During the Ukrainian prime minister’s visit to Minsk on October 7, Belarusian President Alyaksandr Lukashenka told Azarov that he saw no problem in Ukraine’s plans to sign the association agreement with the EU rather than joining the Customs Union with Russia, Belarus and Kazakhstan. The Customs Union countries had to contend with the realities on the ground as they formulated relations with their neighbors—and the EU-Ukraine association agreement was almost reality, Lukashenko said (Regnum, October 7). Belarus’s leader added that Russia and Kazakhstan were also conducting free trade talks with the EU, so Ukraine should not be rebuked (Belta, October 11). The newspaper Sovetskaya Belorussiya, which is the Belarusian government’s official mouthpiece, had suggested ahead of Azarov’s visit that Ukraine’s planned agreement with the EU could help Belarus in its own efforts to enter third country markets. Azarov said Ukraine was grateful to Belarus for “a calm assessment” of its plans regarding the EU. Belarus, he said, was “drawing absolutely the right conclusions” (Sovetskaya Belorussiya, October 5). Thus, he juxtaposed Belarus with Russia, which has been openly unhappy with Ukraine’s integration into the EU.

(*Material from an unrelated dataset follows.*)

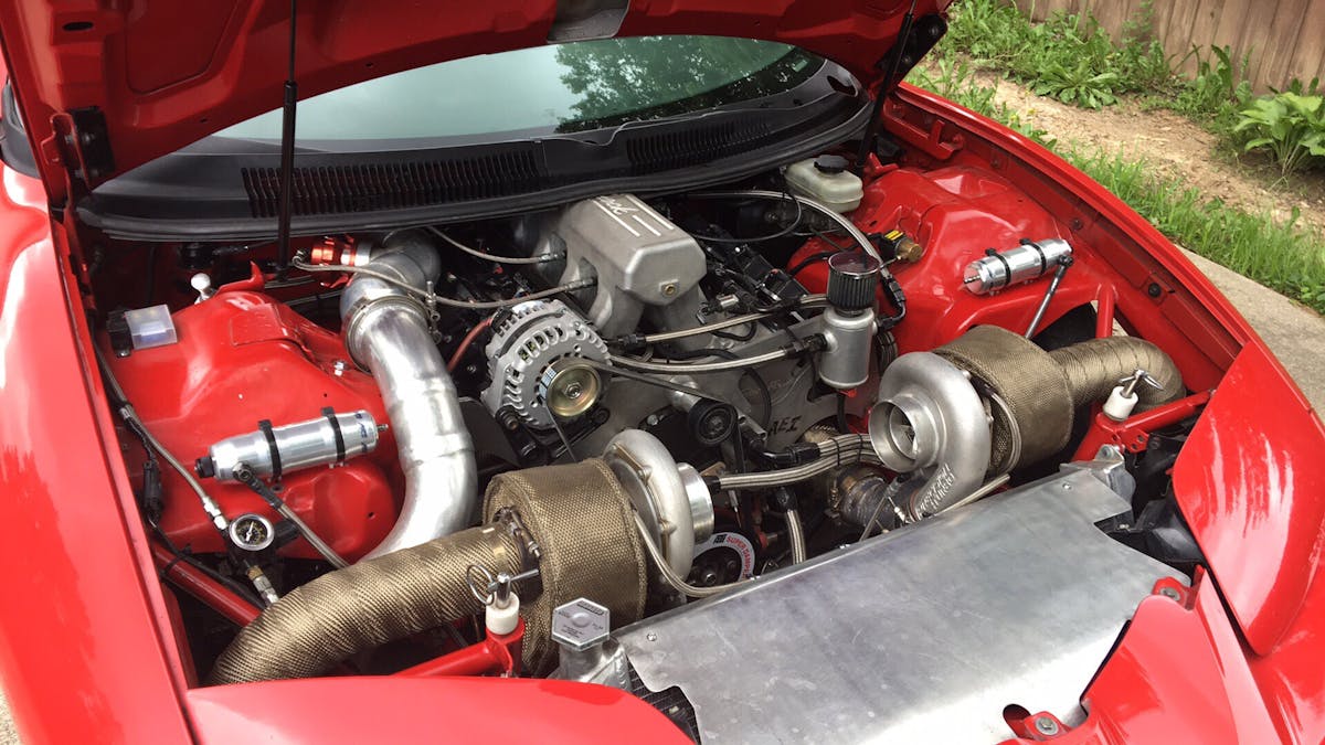 The current configuration for the WS6 consist of a Dart LSX block that is a mild 388 cubic-inches. The forged Wiseco pistons offer a compression ratio of 10:1 and are mated to a set of Callies Ultra billet rods and billet crank. The Bryan Tooley Racing roller turbo cam keeps the airflow moving with the help of the Trick Flow aluminum heads. Jeff is currently running a pair of 76/75 Precision Turbos that connect to the Edelbrock Pro-Flo intake manifold. For injection purposes Jeff turned to the pros at Holley Performance Products and utilizes a Holley EFI system. Jeff added, “I do all the wrenching, metal work fabrication, and tuning on my car, as well as machining of custom parts that are required.”

Russia on several occasions accused Kazakhstan and Belarus of abusing their status in the Customs Union by helping Ukrainian exporters to reach Russian markets when Russia imposed embargoes on Ukrainian goods (EurasiaNet, August 16). Most recently, this has been the case with the candies made by the Ukrainian factories of the Roshen confectionery concern, which belongs to a vocal supporter of EU integration, former foreign minister and former economy minister Petro Poroshenko (see EDM, October 16). Yet, by all appearances, and despite the pressure coming from Moscow, Kazakhstan and Belarus seem to be pursuing independent policies from Russia regarding Ukraine and its relations with the EU.